Seguramente tenía presente los demoledores datos del documento del Banco Mundial, "Desigualdad en América Latina: ¿ruptura con la historia?" que analiza los resultados de las políticas liberales en la región, y que dice que en los últimos 20 años hay 91 millones de "nuevos pobres" en Latinoamérica. Es decir, sectores de clase media que se proletarizan, el ejemplo mas dramático es Argentina, y que predice que en los últimos seis años habrán 23 millones de latinoamericanos que dejarán de ser clase media para pasar a la categoría de los pobres.
El presidente de Brasil se quejó en Shangai, durante una conferencia del Banco Mundial realizada hace unas semanas en China, que la agenda internacional (sin duda se refería a la que suele acaparar la atención de los periodistas norteamericanos y que repiten como sosos los latinoamericanos) se concentraba excesivamente en los temas de seguridad (guerras, terrorismo, secuestros, etc.) mientras que la pobreza seguía siendo la "peor de las armas de exterminio". Aunque Lula no ha descubierto nada nuevo, lo nuevo y lo bueno es que vuelve a poner el dedo en lo feo: la extrema miseria en la que viven más de mil 600 millones de personas en el planeta y que tienen que conformarse con vivir sin subsidios de sus gobiernos y con menos de un dólar diario. Es decir, a vivir peor que una vaca estadounidense.

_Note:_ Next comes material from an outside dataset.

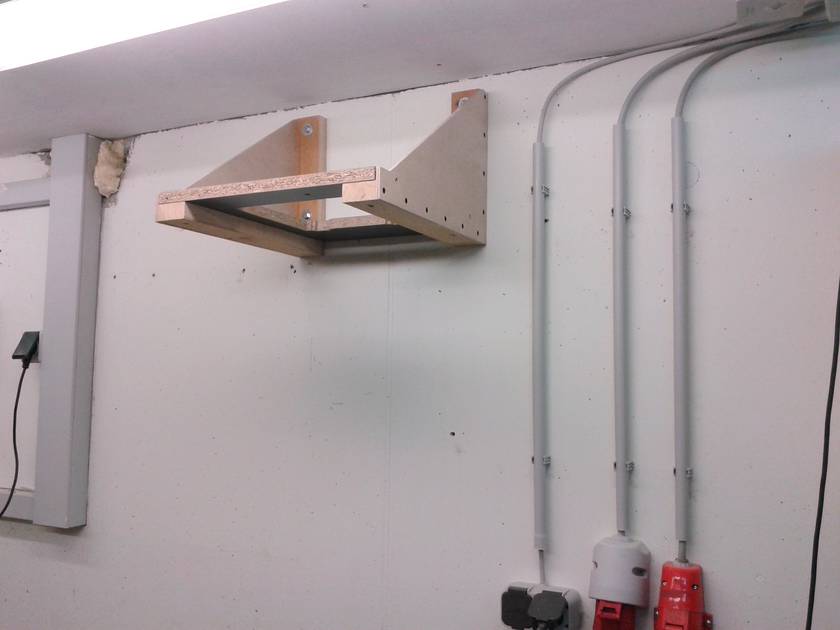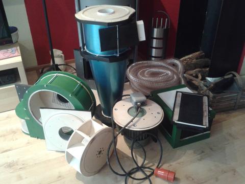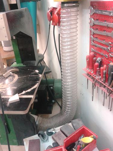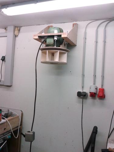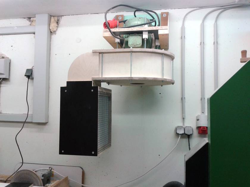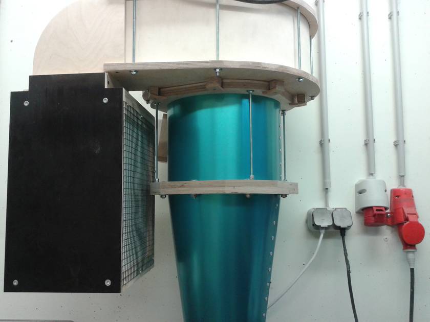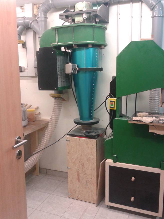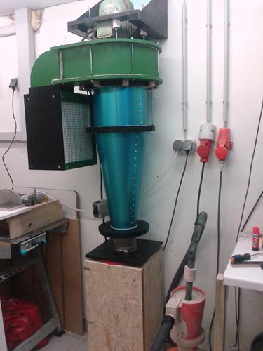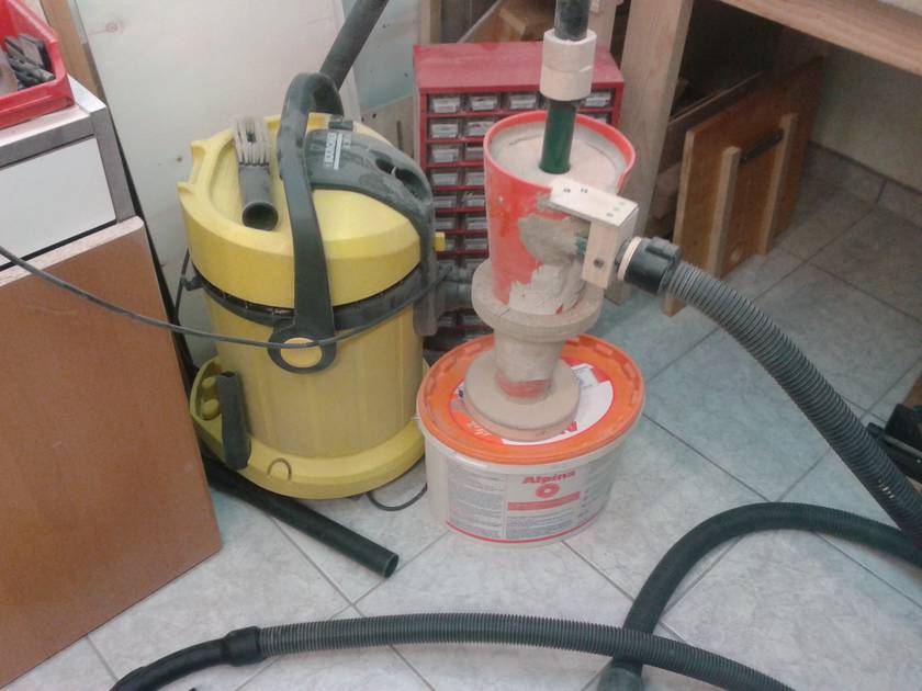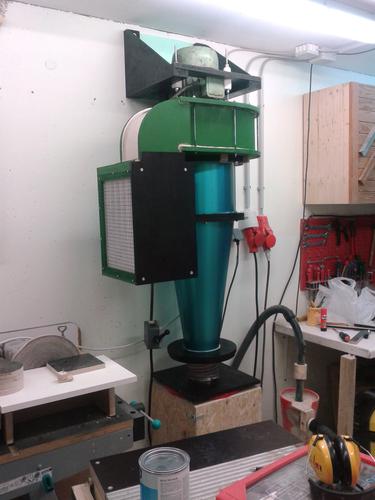 There is also a piece of felt and wire frame in front of the filters to protect them a little bit from impacts. There is also a piece of wire frame over the whole between blower and cyclone to protect the rotor from bigger stuff that might pass the cyclone. (no problems so far) The 90° angle is made with Plexiglas to give me a view inside the filter box. The whole thing is connected to the blower and it all hangs from the wall. The cyclone is also attached to the blower with some wooden clips.

Y esto ocurre cada día, mientras que en Panamá y en el resto de los países centroamericanos, damos manotazos al aire para firmar a como de lugar un TLC (cualquiera que éste sea) con Estados Unidos, ignorando el vendaval de miseria que agobia la región, donde los adultos mayores, las mujeres, los indígenas y los niños llevan la peor parte. Y para que no digan que es un relacionista público de Al Qaeda el que afirma todo lo anterior, cito algunos datos del Banco Mundial y que confirman los peores temores del presidente brasileño.

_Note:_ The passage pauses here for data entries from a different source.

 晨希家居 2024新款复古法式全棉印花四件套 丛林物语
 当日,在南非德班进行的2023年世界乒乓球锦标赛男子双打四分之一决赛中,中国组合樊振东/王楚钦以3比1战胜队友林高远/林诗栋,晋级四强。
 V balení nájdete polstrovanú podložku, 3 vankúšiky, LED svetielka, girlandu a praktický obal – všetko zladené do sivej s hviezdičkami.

Cada año la diferencia entre ricos y pobres aumentará todavía más. Es decir, será la pobreza y la injusticia social lo que afectará la paz y la seguridad internacionales. Para la región latinoamericana la perspectiva es aún más desalentadora debido a la precarización de las relaciones de trabajo que, junto con el desempleo, batió su récord histórico en el 2003. Pero el resto del planeta no lo tiene mejor. Más de mil millones de personas son analfabetas. Bastante más de esta cifra carece de agua potable. Unos 900 millones de habitantes padecen hambre todos los días. Las mujeres constituyen el 70 % de los más pobres del mundo. Más de un tercio de la población mundial que vive en extrema pobreza no vivirá más allá de los 40 años.

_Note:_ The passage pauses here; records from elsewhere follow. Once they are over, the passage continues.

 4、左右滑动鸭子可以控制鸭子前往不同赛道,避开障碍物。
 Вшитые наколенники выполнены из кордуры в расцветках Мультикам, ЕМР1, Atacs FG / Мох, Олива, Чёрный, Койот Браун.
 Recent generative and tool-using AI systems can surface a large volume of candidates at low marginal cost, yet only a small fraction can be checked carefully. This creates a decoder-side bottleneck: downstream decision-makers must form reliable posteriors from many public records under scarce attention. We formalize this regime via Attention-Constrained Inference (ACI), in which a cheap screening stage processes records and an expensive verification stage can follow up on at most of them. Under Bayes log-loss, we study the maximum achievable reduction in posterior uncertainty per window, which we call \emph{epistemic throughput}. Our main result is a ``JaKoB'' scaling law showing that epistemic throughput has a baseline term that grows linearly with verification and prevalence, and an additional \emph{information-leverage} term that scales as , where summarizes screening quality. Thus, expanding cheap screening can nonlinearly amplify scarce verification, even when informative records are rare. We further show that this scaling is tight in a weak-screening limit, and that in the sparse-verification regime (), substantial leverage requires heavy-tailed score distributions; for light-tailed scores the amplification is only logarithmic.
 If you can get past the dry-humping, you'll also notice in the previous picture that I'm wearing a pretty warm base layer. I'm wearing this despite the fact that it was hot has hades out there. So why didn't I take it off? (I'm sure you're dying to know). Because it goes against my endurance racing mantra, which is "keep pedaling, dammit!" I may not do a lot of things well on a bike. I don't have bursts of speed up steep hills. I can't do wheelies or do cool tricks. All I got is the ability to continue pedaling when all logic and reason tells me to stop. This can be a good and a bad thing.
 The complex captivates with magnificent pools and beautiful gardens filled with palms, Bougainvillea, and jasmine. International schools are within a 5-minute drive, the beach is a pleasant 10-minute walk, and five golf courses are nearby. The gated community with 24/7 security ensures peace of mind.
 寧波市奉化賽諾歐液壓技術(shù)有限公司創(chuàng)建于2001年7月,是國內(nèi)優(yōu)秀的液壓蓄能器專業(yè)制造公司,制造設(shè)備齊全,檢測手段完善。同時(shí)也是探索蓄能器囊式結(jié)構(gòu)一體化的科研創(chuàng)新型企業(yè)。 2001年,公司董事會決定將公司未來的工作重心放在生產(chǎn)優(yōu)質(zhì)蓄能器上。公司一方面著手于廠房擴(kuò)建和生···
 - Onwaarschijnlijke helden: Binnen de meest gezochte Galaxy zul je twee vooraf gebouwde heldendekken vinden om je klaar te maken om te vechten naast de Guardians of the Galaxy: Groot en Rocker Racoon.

Y según el Banco Mundial unos 100 millones de personas que viven en la pobreza pertenecen a los países industrializados, es decir, en países tan ricos como Estados Unidos cuyo modelo anhelamos copiar en toda su miseria.
Los dirigentes de la Casa Blanca, en vez de estar censurando las bromas y los documentales de Michael Moore, deberían leer (y entender) las predicciones del los informes del Banco Mundial y cuyas cifras parece que no van a variar. Es más, se pondrán peor. Por eso, el mandato de la ONU es uno solo: erradicar la pobreza. Especialmente en las esferas críticas: el sustento de los pobres, la potenciación de la mujer, la gobernabilidad y la ordenación ambiental.
Sin embargo, la misión del PNUD, responsable de alentar respuesta urgentes a las naciones y a sus gobernantes para facilitarles la toma de decisiones que puedan cambiar el destino de los condenados al exterminio por hambre no tiene en Panamá gabinete ministerial que se pueda encargar de ello con la urgencia que demanda. Nadie aspira a dirigir un proyecto titánico pues sencillamente, al ser invisible, poco importa.
Lo amargo de esta conclusión es que si no prospera la preocupación política, la de colocar el tema de la pobreza en el tapete presidencial, las promesas de campaña de Martín podrían desaparecer.
Debería seguir el ejemplo de Lula da Silva, quien tuvo que emplear la imaginación para sortear la burocracia, pero siempre apretando con fuerza el dedo en la llaga, pues la pobreza mata más y mejor que cualquier kamikaze internacional.